In this study, we first investigated the changes in axonemal localization during parasperm formation in the marine snail S. luhuanus. Second, we examined the wave propagation of undulating membranes and its associations with the orientation of axonemal growth and alignment. We evaluated the anterior/posterior position of the mature parasperm and its relationship to motility. We also described a unique change in the distribution of basal bodies and the transition zone during spermatogenesis.

Materials and Methods

Experimental Materials

S. luhuanus were collected near Shimoda Marine Research Center (Shimoda, Shizuoka) from May to September in 2009–2020, and near Sesoko Station of the University of the Ryukyus (Motobu, Okinawa) from February to March in 2014 and 2022. Mature sperm or spermatogenic cells were obtained from the male sperm duct or testis, respectively, and suspended in artificial seawater (ASW) consisting of 460.3 mM NaCl, 10.11 mM KCl, 9.18 mM CaCl₂, 35.91 mM MgCl₂, 17.49 mM MgSO₄, 0.1 mM EDTA, and 10 mM Hepes-NaOH (pH 8.2).
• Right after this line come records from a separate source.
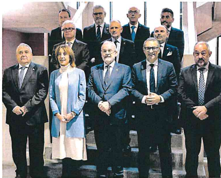
Foto de familia con los rectores de las universidades que conforman el G-9 en España.

Además, el G9 ha aprobado un convenio para que los cursos de extensión universitaria que se realicen en una universidad sean reconocidas por las demás del grupo y ha avanzado en un borrador para la movilidad del personal de administración y servicios. Por último, el rector de la Universidad de Extremadura se ha despedido de sus compañeros tras desear al grupo «todos los parabienes».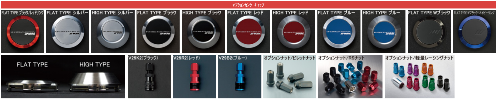
※ナットの詳細について▶P.268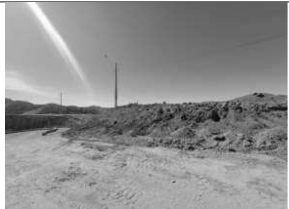
Locação das estacas.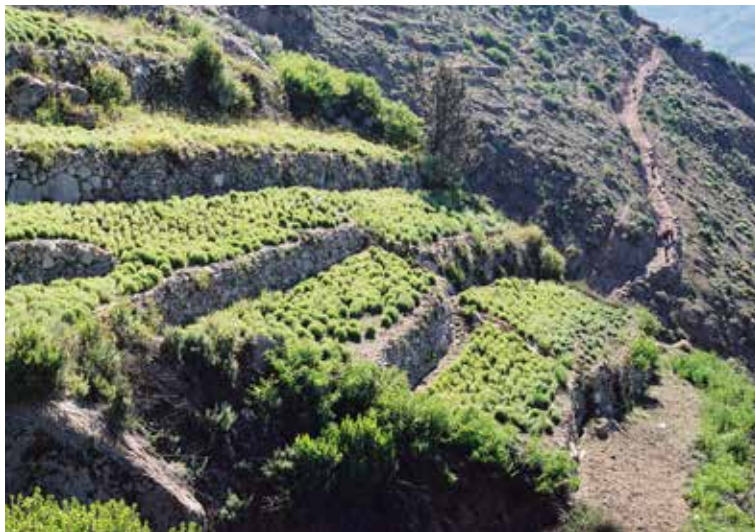
Cultivo de orégano en andenería, sostenido con un antiguo y complejo sistema de regadío.

Observations of Morphology by Light Microscopy

Sperm were observed under a differential interference contrast (DIC) microscope (BX51, Olympus, Tokyo, Japan). For the testes, a section was fixed in Bouin’s solution at room temperature overnight. The samples were dehydrated using a graded ethanol series and embedded in paraffin wax. The paraffin blocks were trimmed and cut into 8-μm-thick sections. The sections were then deparaffinized, rehydrated, and stained with hematoxylin and eosin (H&E).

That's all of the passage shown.